__What the task requires__
What you return should be the lines from the one with "Ad Card for" through the one with "棟板金を撤去した後に現れるのが貫板です。" in the data below, reproduced exactly with both ends, and no pictures at all.

__Supplied records__
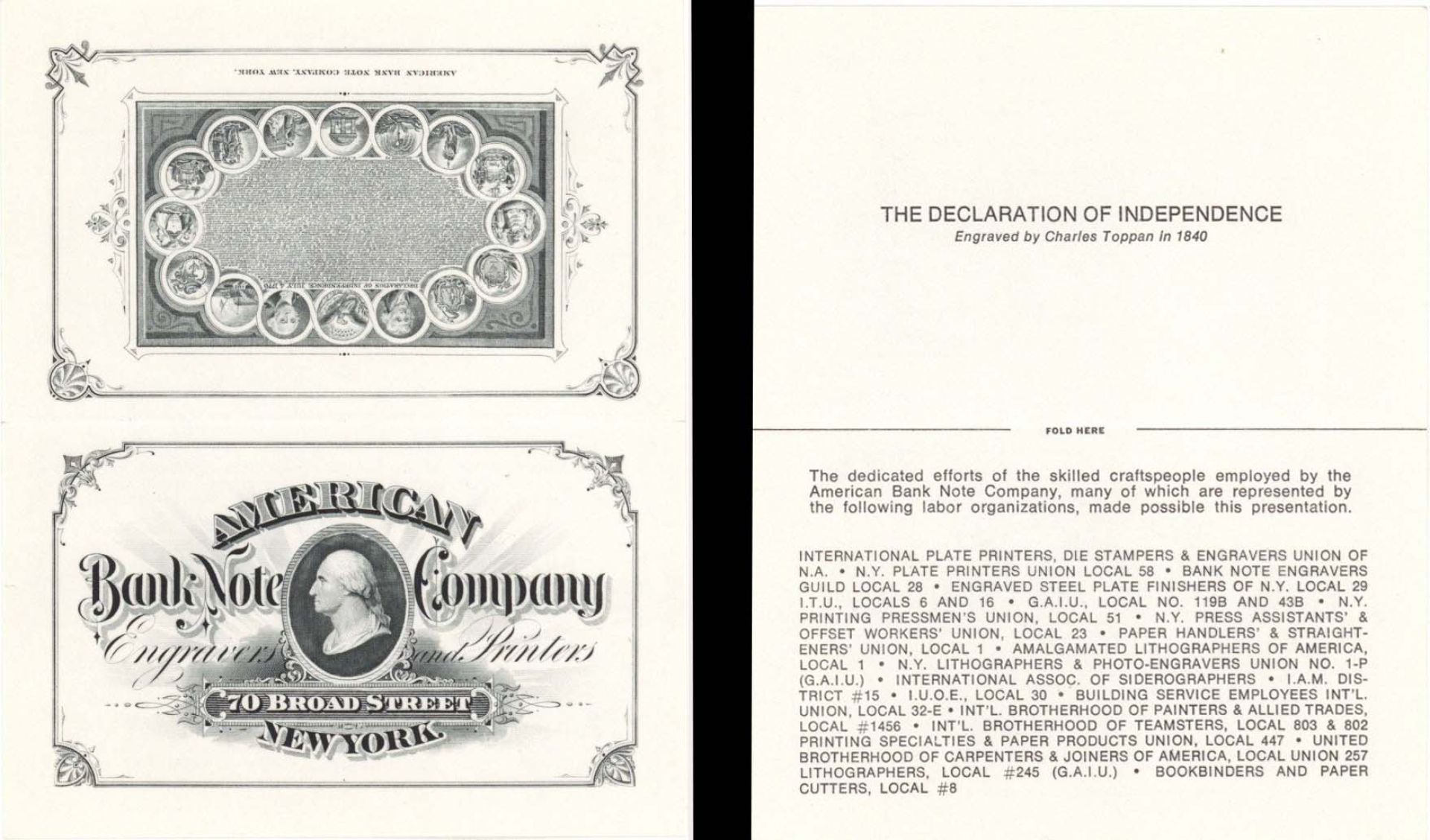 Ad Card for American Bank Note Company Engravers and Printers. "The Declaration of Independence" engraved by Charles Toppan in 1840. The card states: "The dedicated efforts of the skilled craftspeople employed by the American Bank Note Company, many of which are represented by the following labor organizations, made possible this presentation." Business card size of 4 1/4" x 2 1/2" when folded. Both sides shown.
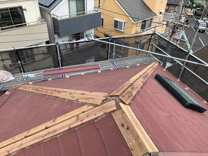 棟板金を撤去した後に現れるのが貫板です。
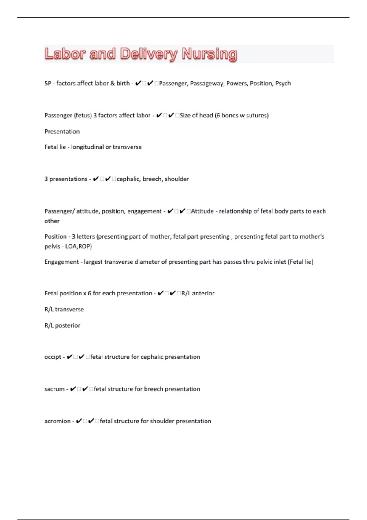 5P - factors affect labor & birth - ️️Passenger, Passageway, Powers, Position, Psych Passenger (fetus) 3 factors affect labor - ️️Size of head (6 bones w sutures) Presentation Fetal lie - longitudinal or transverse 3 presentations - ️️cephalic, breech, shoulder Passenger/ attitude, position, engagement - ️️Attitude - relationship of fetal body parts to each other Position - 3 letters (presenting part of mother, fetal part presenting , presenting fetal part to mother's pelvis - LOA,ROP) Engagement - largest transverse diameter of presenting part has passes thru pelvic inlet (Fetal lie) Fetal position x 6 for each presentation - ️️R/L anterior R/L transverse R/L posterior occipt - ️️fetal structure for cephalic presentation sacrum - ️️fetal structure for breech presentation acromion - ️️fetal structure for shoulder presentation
* * *
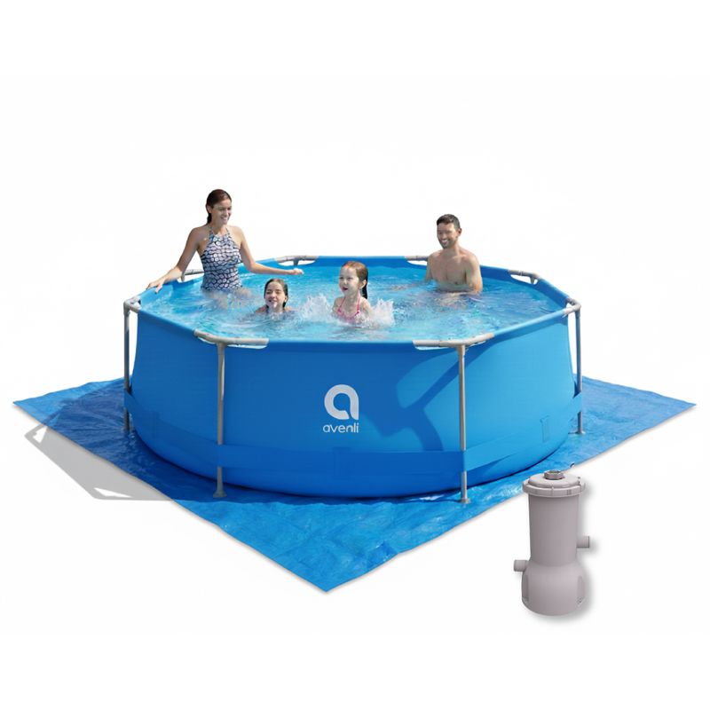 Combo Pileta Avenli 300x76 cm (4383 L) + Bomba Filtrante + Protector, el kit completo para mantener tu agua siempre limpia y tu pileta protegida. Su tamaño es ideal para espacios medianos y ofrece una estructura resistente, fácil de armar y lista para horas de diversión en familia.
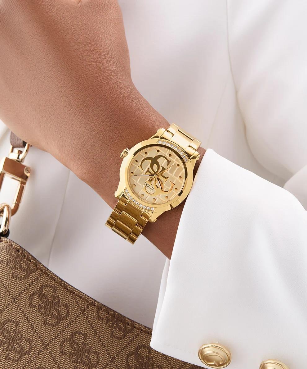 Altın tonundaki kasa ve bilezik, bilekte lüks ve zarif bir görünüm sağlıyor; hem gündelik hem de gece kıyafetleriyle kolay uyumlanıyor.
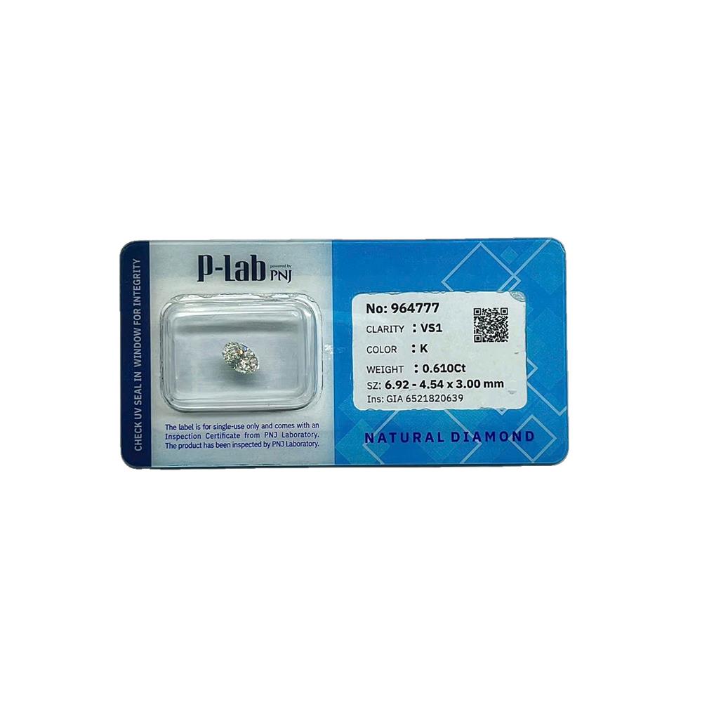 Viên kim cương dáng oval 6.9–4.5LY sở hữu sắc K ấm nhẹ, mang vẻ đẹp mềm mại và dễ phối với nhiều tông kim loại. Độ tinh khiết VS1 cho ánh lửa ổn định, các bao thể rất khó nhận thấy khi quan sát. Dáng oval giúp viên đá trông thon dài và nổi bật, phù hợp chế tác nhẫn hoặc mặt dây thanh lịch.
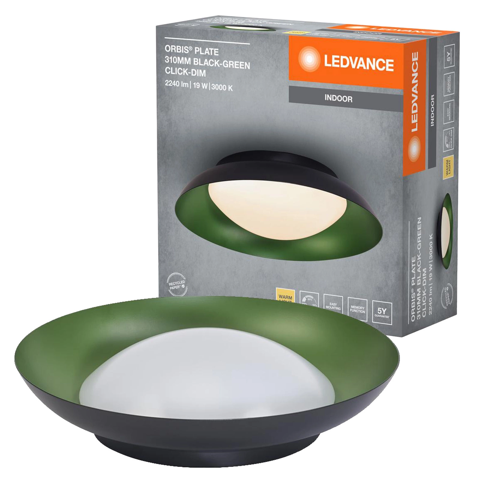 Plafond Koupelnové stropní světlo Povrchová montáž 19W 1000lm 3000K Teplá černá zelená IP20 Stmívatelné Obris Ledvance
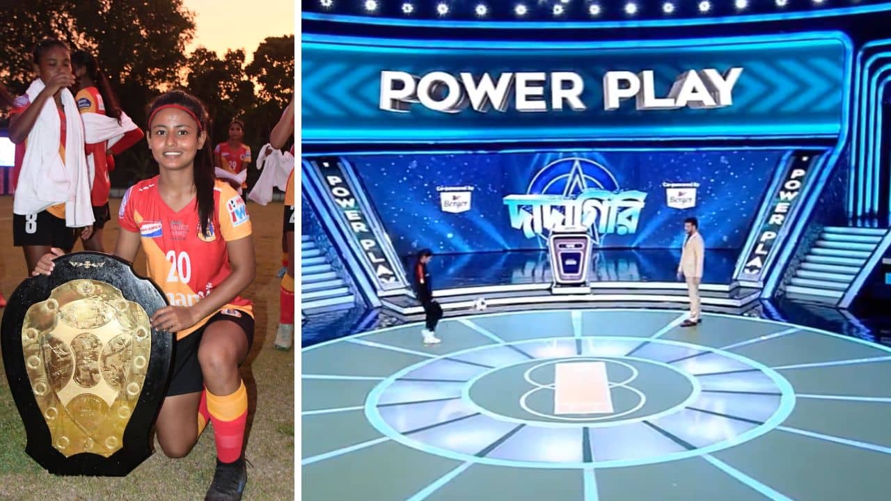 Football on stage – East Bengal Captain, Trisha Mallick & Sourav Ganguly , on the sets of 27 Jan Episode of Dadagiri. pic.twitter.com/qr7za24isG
---
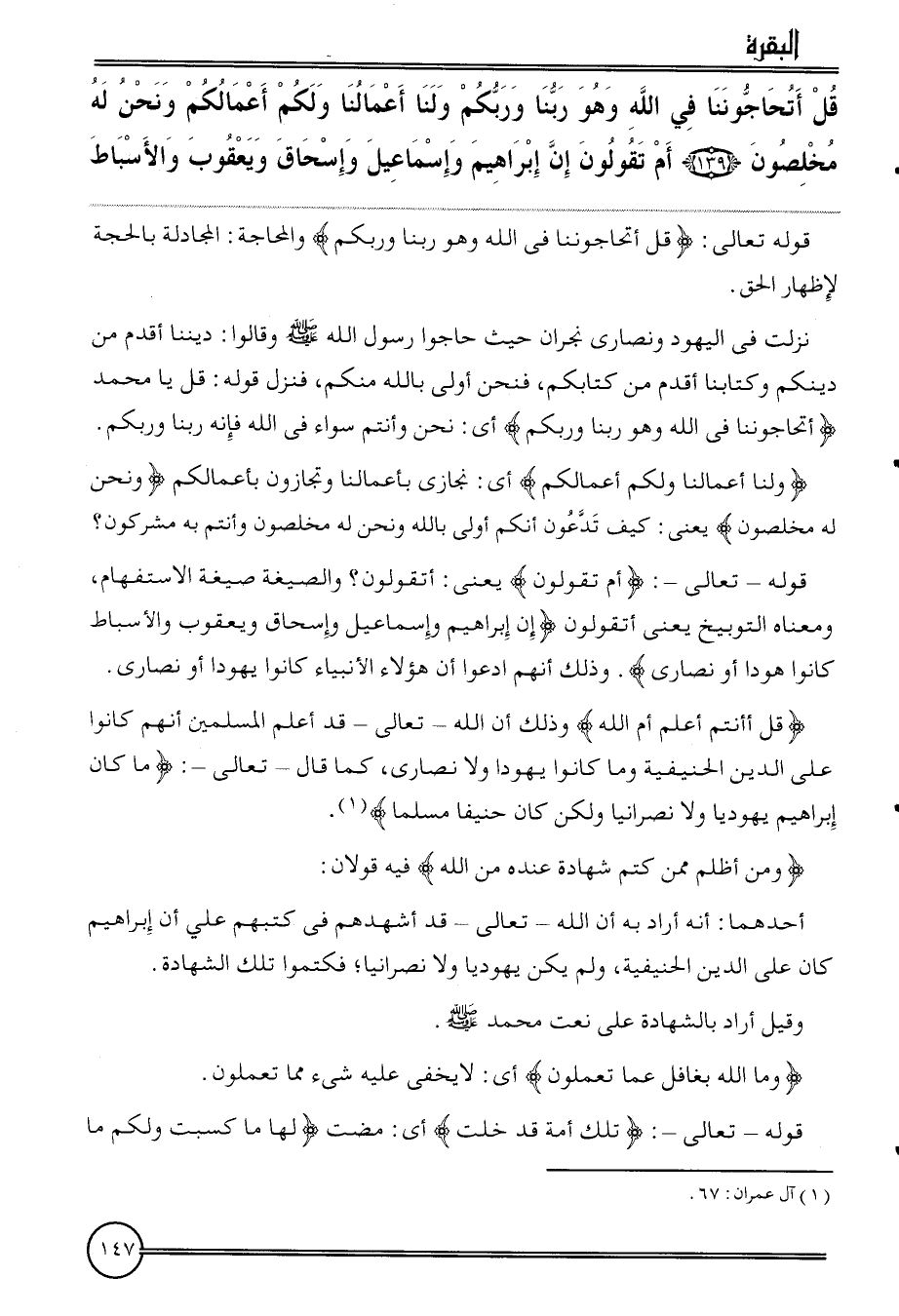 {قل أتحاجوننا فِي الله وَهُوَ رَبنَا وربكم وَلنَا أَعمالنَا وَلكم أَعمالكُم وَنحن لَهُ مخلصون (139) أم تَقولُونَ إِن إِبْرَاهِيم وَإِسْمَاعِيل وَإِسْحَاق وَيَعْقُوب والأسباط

__Expected answer__
 Ad Card for American Bank Note Company Engravers and Printers. "The Declaration of Independence" engraved by Charles Toppan in 1840. The card states: "The dedicated efforts of the skilled craftspeople employed by the American Bank Note Company, many of which are represented by the following labor organizations, made possible this presentation." Business card size of 4 1/4" x 2 1/2" when folded. Both sides shown.
 棟板金を撤去した後に現れるのが貫板です。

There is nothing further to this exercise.